*Work item:*
Set down all of the data exactly. Pictures stay out of the copy.

*Excerpts from a dataset:*

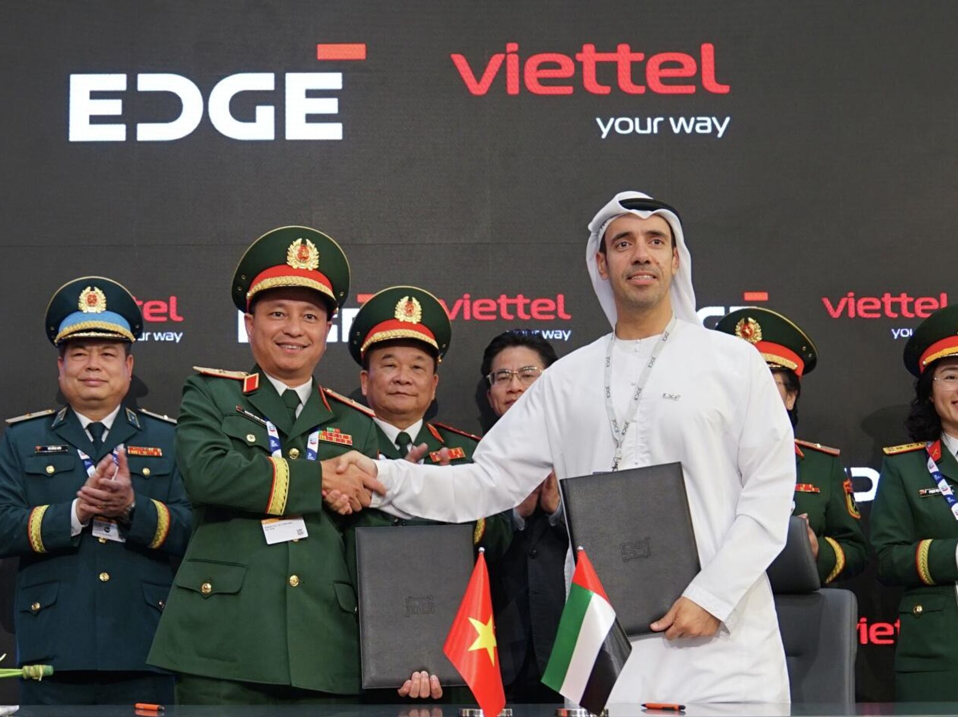 Đây được xem là bước đi chiến lược của Viettel về xuất khẩu sản phẩm công nghệ cao “Make in Viet Nam” và nghiên cứu phát triển các sản phẩm, công nghệ quốc phòng, lưỡng dụng tiên tiến.Đoàn Bộ Quốc phòng Việt Nam dự Triển lãm hàng không Dubai 2025Bộ Quốc phòng Việt Nam cho biết, nhận lời mời của Bộ Quốc phòng Các Tiểu vương quốc Ả Rập Thống nhất (UAE), đoàn đại biểu cấp cao Bộ Quốc phòng Việt Nam do Thượng tướng Hoàng Xuân Chiến - Thứ trưởng Bộ Quốc phòng - dẫn đầu đã tham dự Triển lãm Hàng không Dubai (Dubai Airshow 2025) tại Dubai, đồng thời thăm và làm việc với Bộ Quốc phòng UAE.Triển lãm Hàng không Dubai 2025 là một trong những sự kiện hàng không lớn nhất thế giới, thu hút gần 1.500 đơn vị đến từ 98 quốc gia.Triển lãm quy tụ hơn 200 máy bay các loại được trưng bày với quy mô ấn tượng, cùng hàng loạt công nghệ mới nhất trong lĩnh vực hàng không, quốc phòng và công nghiệp quân sự.Trong quá trình tham quan gian hàng và làm việc với các doanh nghiệp quốc phòng của UAE và một số quốc gia khác, Thứ trưởng Hoàng Xuân Chiến đề nghị các bên chủ động trao đổi, nghiên cứu khả năng hợp tác, phù hợp với năng lực từng phía, qua đó xác định phương hướng tăng cường hợp tác công nghiệp quốc phòng thời gian tới.Viettel ký kết hợp tác quốc phòng công nghệ cao tại UAENhân dịp thăm, làm việc tại UAE, dự Triển lãm hàng không Dubai (Dubai Airshow), Thượng tướng Hoàng Xuân Chiến đã chứng kiến Lễ ký Bản ghi nhớ giữa Tập đoàn Công nghiệp-Viễn thông Quân đội Viettel và Tập đoàn EDGE của UAE.EDGE là một trong những tập đoàn công nghệ và quốc phòng hàng đầu thế giới, được thành lập nhằm phát triển các giải pháp linh hoạt và đột phá phục vụ lĩnh vực quốc phòng, đồng thời thúc đẩy đổi mới và chuyển đổi công nghệ.Bản ghi nhớ giữa Viettel và EDGE đặt nền tảng cho việc mở rộng hợp tác sâu rộng trong nhiều lĩnh vực. Không chỉ tập trung vào sản phẩm và dịch vụ công nghiệp quốc phòng công nghệ cao, hai bên còn hướng tới các sản phẩm lưỡng dụng và dân dụng như hạ tầng viễn thông 5G, giải pháp và dịch vụ viễn thông, công nghệ thông tin, chất bán dẫn, camera AI, thiết bị IoT, an ninh mạng, logistics và thương mại điện tử...Một trong những trọng tâm của thỏa thuận là nghiên cứu thiết lập mô hình sản xuất OEM (nhà sản xuất thiết bị gốc) tại Việt Nam.Theo đó, Viettel và EDGE sẽ phối hợp sản xuất linh kiện, cụm lắp ráp và mô-đun liên quan đến các dòng sản phẩm của EDGE, phục vụ thị trường UAE và các thị trường xuất khẩu khác. Đồng thời, hai bên cũng đẩy mạnh nghiên cứu, trao đổi cơ hội chuyển giao công nghệ, đào tạo kỹ thuật và công nghệ trong những lĩnh vực phù hợp với nhu cầu phát triển.Phạm vi hợp tác sẽ được triển khai sau khi được cơ quan có thẩm quyền phê duyệt và phải tuân thủ pháp luật của mỗi quốc gia cũng như các quy định quốc tế liên quan.Việc ký kết Biên bản ghi nhớ với EDGE được xem là bước đi chiến lược của Viettel trong hành trình đưa các sản phẩm công nghệ cao “Make in Vietnam” xuất khẩu ra thế giới, đồng thời thúc đẩy nghiên cứu và phát triển các công nghệ lưỡng dụng và quốc phòng tiên tiến, góp phần nâng cao vị thế ngành công nghiệp quốc phòng Việt Nam trên trường quốc tế.
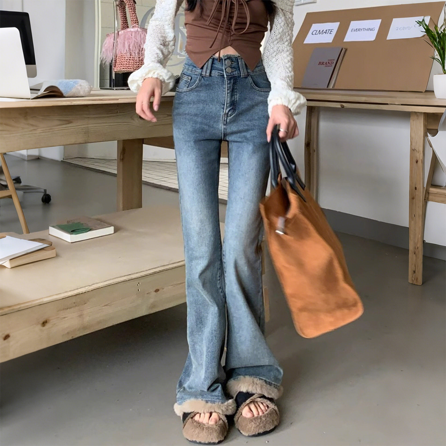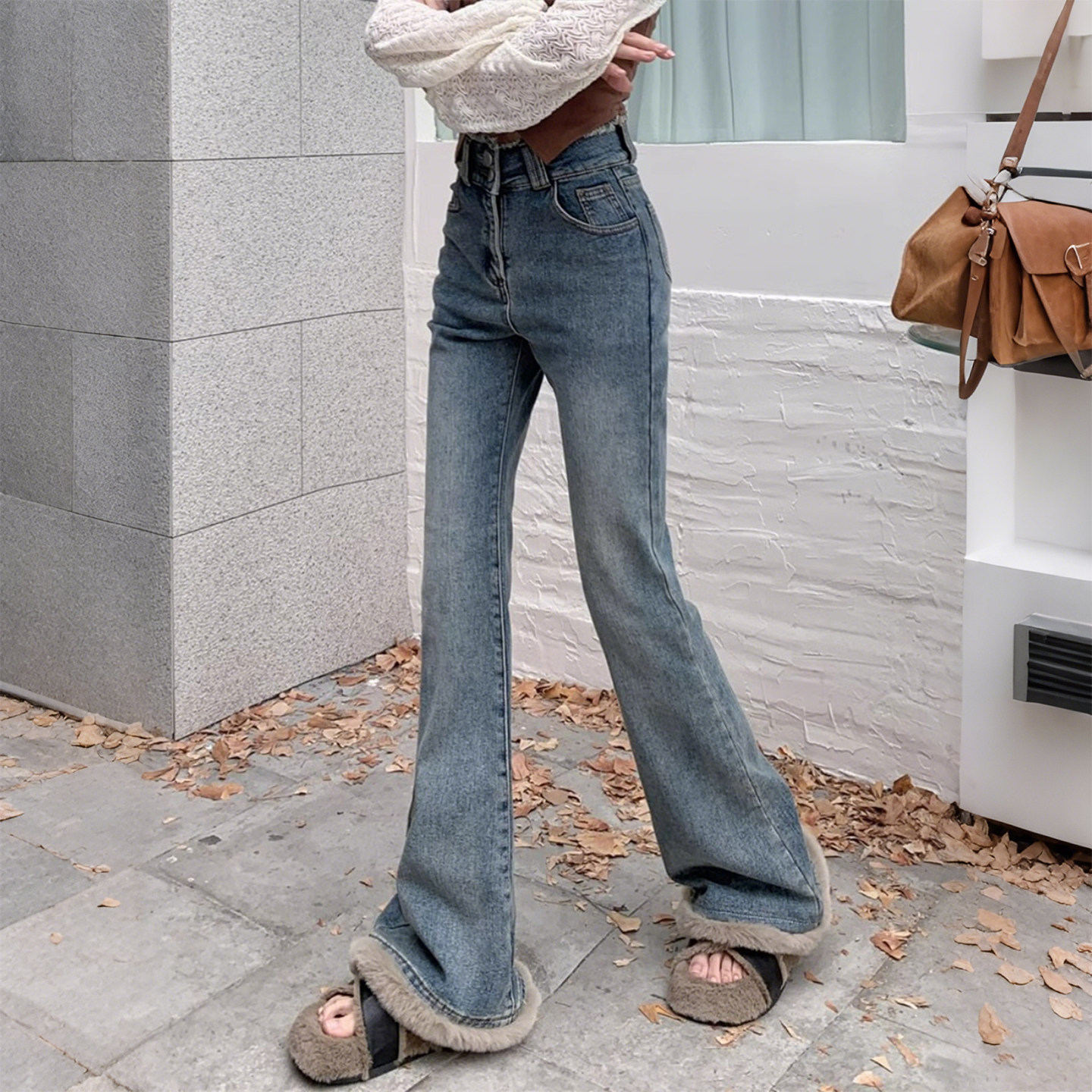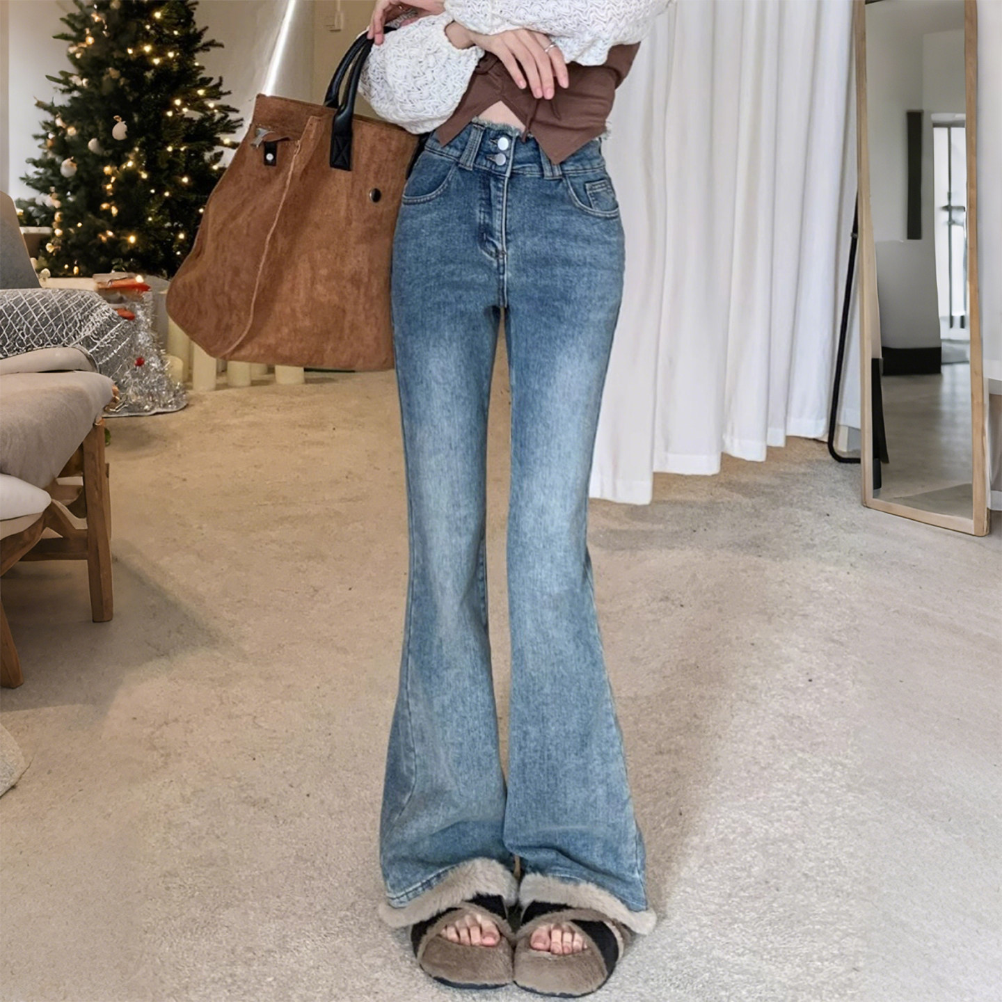 特大码女装胖mm复古加绒加厚微喇牛仔裤女高腰显瘦毛边喇叭马蹄裤
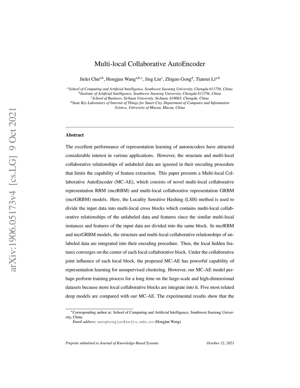 The excellent performance of representation learning of autoencoders have attracted considerable interest in various applications. However, the structure and multi-local collaborative relationships of unlabeled data are ignored in their encoding procedure that limits the capability of feature extraction. This paper presents a Multi-local Collaborative AutoEncoder (MC-AE), which consists of novel multi-local collaborative representation RBM (mcrRBM) and multi-local collaborative representation GRBM (mcrGRBM) models. Here, the Locality Sensitive Hashing (LSH) method is used to divide the input data into multi-local cross blocks which contains multi-local collaborative relationships of the unlabeled data and features since the similar multi-local instances and features of the input data are divided into the same block. In mcrRBM and mcrGRBM models, the structure and multi-local collaborative relationships of unlabeled data are integrated into their encoding procedure. Then, the local hidden features converges on the center of each local collaborative block. Under the collaborative joint influence of each local block, the proposed MC-AE has powerful capability of representation learning for unsupervised clustering. However, our MC-AE model perhaps perform training process for a long time on the large-scale and high-dimensional datasets because more local collaborative blocks are integrate into it. Five most related deep models are compared with our MC-AE. The experimental results show that the proposed MC-AE has more excellent capabilities of collaborative representation and generalization than the contrastive deep models.
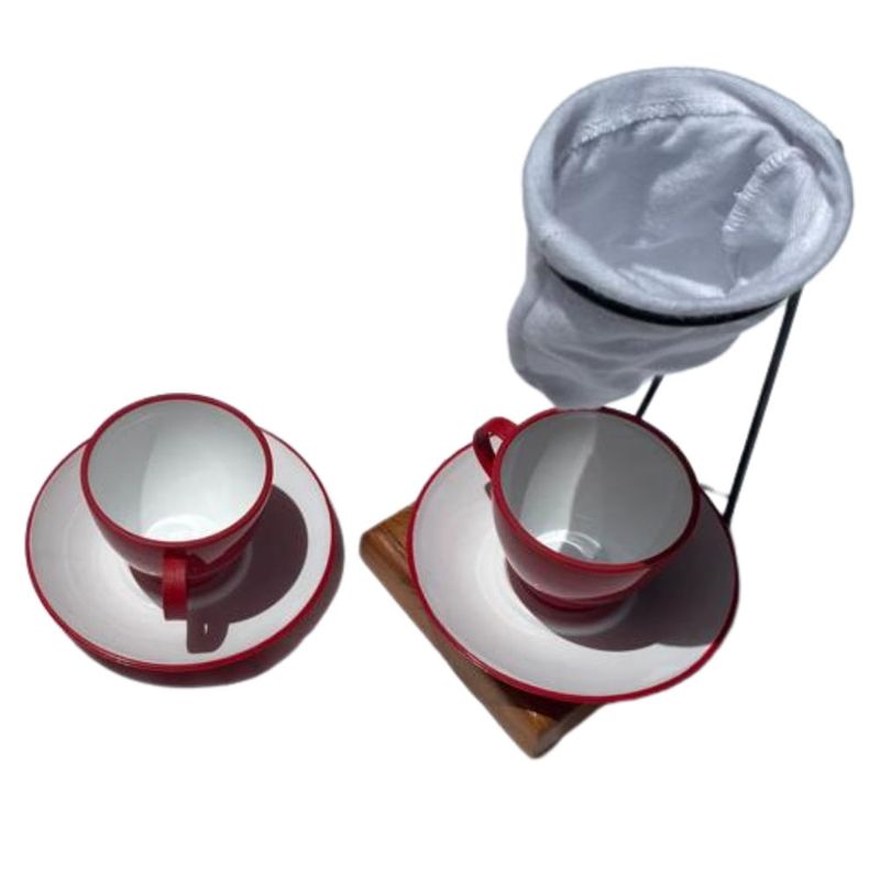 Conjunto de 2 xicarazinhas com pires e coador para voce curtir se café feito na hora sem desperdicio. Capacidade das xicaras : 50 ml Material da xicaras: PLASTICO Coador base de metal com MADEIRA DE DEMOLIÇÂO, artesanal
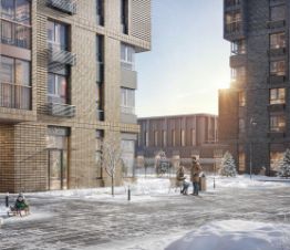 У каждого дома будет собственный двор-сад, где посадят плодовые и вечнозеленые деревья и кустарники. Территория около жилого комплекса закрыта от машин и посторонних и круглосуточно охраняется.
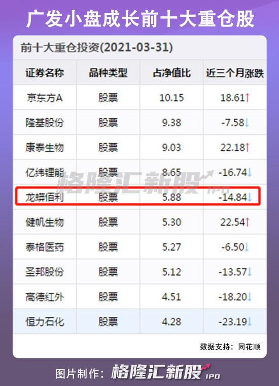 其旗下管理的广发小盘成长买入龙蟒佰利2783.75万股,占基金资产净值比例为5.88%,成为其第五大重仓股。

*Answer box:*
 Đây được xem là bước đi chiến lược của Viettel về xuất khẩu sản phẩm công nghệ cao “Make in Viet Nam” và nghiên cứu phát triển các sản phẩm, công nghệ quốc phòng, lưỡng dụng tiên tiến.Đoàn Bộ Quốc phòng Việt Nam dự Triển lãm hàng không Dubai 2025Bộ Quốc phòng Việt Nam cho biết, nhận lời mời của Bộ Quốc phòng Các Tiểu vương quốc Ả Rập Thống nhất (UAE), đoàn đại biểu cấp cao Bộ Quốc phòng Việt Nam do Thượng tướng Hoàng Xuân Chiến - Thứ trưởng Bộ Quốc phòng - dẫn đầu đã tham dự Triển lãm Hàng không Dubai (Dubai Airshow 2025) tại Dubai, đồng thời thăm và làm việc với Bộ Quốc phòng UAE.Triển lãm Hàng không Dubai 2025 là một trong những sự kiện hàng không lớn nhất thế giới, thu hút gần 1.500 đơn vị đến từ 98 quốc gia.Triển lãm quy tụ hơn 200 máy bay các loại được trưng bày với quy mô ấn tượng, cùng hàng loạt công nghệ mới nhất trong lĩnh vực hàng không, quốc phòng và công nghiệp quân sự.Trong quá trình tham quan gian hàng và làm việc với các doanh nghiệp quốc phòng của UAE và một số quốc gia khác, Thứ trưởng Hoàng Xuân Chiến đề nghị các bên chủ động trao đổi, nghiên cứu khả năng hợp tác, phù hợp với năng lực từng phía, qua đó xác định phương hướng tăng cường hợp tác công nghiệp quốc phòng thời gian tới.Viettel ký kết hợp tác quốc phòng công nghệ cao tại UAENhân dịp thăm, làm việc tại UAE, dự Triển lãm hàng không Dubai (Dubai Airshow), Thượng tướng Hoàng Xuân Chiến đã chứng kiến Lễ ký Bản ghi nhớ giữa Tập đoàn Công nghiệp-Viễn thông Quân đội Viettel và Tập đoàn EDGE của UAE.EDGE là một trong những tập đoàn công nghệ và quốc phòng hàng đầu thế giới, được thành lập nhằm phát triển các giải pháp linh hoạt và đột phá phục vụ lĩnh vực quốc phòng, đồng thời thúc đẩy đổi mới và chuyển đổi công nghệ.Bản ghi nhớ giữa Viettel và EDGE đặt nền tảng cho việc mở rộng hợp tác sâu rộng trong nhiều lĩnh vực. Không chỉ tập trung vào sản phẩm và dịch vụ công nghiệp quốc phòng công nghệ cao, hai bên còn hướng tới các sản phẩm lưỡng dụng và dân dụng như hạ tầng viễn thông 5G, giải pháp và dịch vụ viễn thông, công nghệ thông tin, chất bán dẫn, camera AI, thiết bị IoT, an ninh mạng, logistics và thương mại điện tử...Một trong những trọng tâm của thỏa thuận là nghiên cứu thiết lập mô hình sản xuất OEM (nhà sản xuất thiết bị gốc) tại Việt Nam.Theo đó, Viettel và EDGE sẽ phối hợp sản xuất linh kiện, cụm lắp ráp và mô-đun liên quan đến các dòng sản phẩm của EDGE, phục vụ thị trường UAE và các thị trường xuất khẩu khác. Đồng thời, hai bên cũng đẩy mạnh nghiên cứu, trao đổi cơ hội chuyển giao công nghệ, đào tạo kỹ thuật và công nghệ trong những lĩnh vực phù hợp với nhu cầu phát triển.Phạm vi hợp tác sẽ được triển khai sau khi được cơ quan có thẩm quyền phê duyệt và phải tuân thủ pháp luật của mỗi quốc gia cũng như các quy định quốc tế liên quan.Việc ký kết Biên bản ghi nhớ với EDGE được xem là bước đi chiến lược của Viettel trong hành trình đưa các sản phẩm công nghệ cao “Make in Vietnam” xuất khẩu ra thế giới, đồng thời thúc đẩy nghiên cứu và phát triển các công nghệ lưỡng dụng và quốc phòng tiên tiến, góp phần nâng cao vị thế ngành công nghiệp quốc phòng Việt Nam trên trường quốc tế.
 特大码女装胖mm复古加绒加厚微喇牛仔裤女高腰显瘦毛边喇叭马蹄裤
 The excellent performance of representation learning of autoencoders have attracted considerable interest in various applications. However, the structure and multi-local collaborative relationships of unlabeled data are ignored in their encoding procedure that limits the capability of feature extraction. This paper presents a Multi-local Collaborative AutoEncoder (MC-AE), which consists of novel multi-local collaborative representation RBM (mcrRBM) and multi-local collaborative representation GRBM (mcrGRBM) models. Here, the Locality Sensitive Hashing (LSH) method is used to divide the input data into multi-local cross blocks which contains multi-local collaborative relationships of the unlabeled data and features since the similar multi-local instances and features of the input data are divided into the same block. In mcrRBM and mcrGRBM models, the structure and multi-local collaborative relationships of unlabeled data are integrated into their encoding procedure. Then, the local hidden features converges on the center of each local collaborative block. Under the collaborative joint influence of each local block, the proposed MC-AE has powerful capability of representation learning for unsupervised clustering. However, our MC-AE model perhaps perform training process for a long time on the large-scale and high-dimensional datasets because more local collaborative blocks are integrate into it. Five most related deep models are compared with our MC-AE. The experimental results show that the proposed MC-AE has more excellent capabilities of collaborative representation and generalization than the contrastive deep models.
 Conjunto de 2 xicarazinhas com pires e coador para voce curtir se café feito na hora sem desperdicio. Capacidade das xicaras : 50 ml Material da xicaras: PLASTICO Coador base de metal com MADEIRA DE DEMOLIÇÂO, artesanal
 У каждого дома будет собственный двор-сад, где посадят плодовые и вечнозеленые деревья и кустарники. Территория около жилого комплекса закрыта от машин и посторонних и круглосуточно охраняется.
 其旗下管理的广发小盘成长买入龙蟒佰利2783.75万股,占基金资产净值比例为5.88%,成为其第五大重仓股。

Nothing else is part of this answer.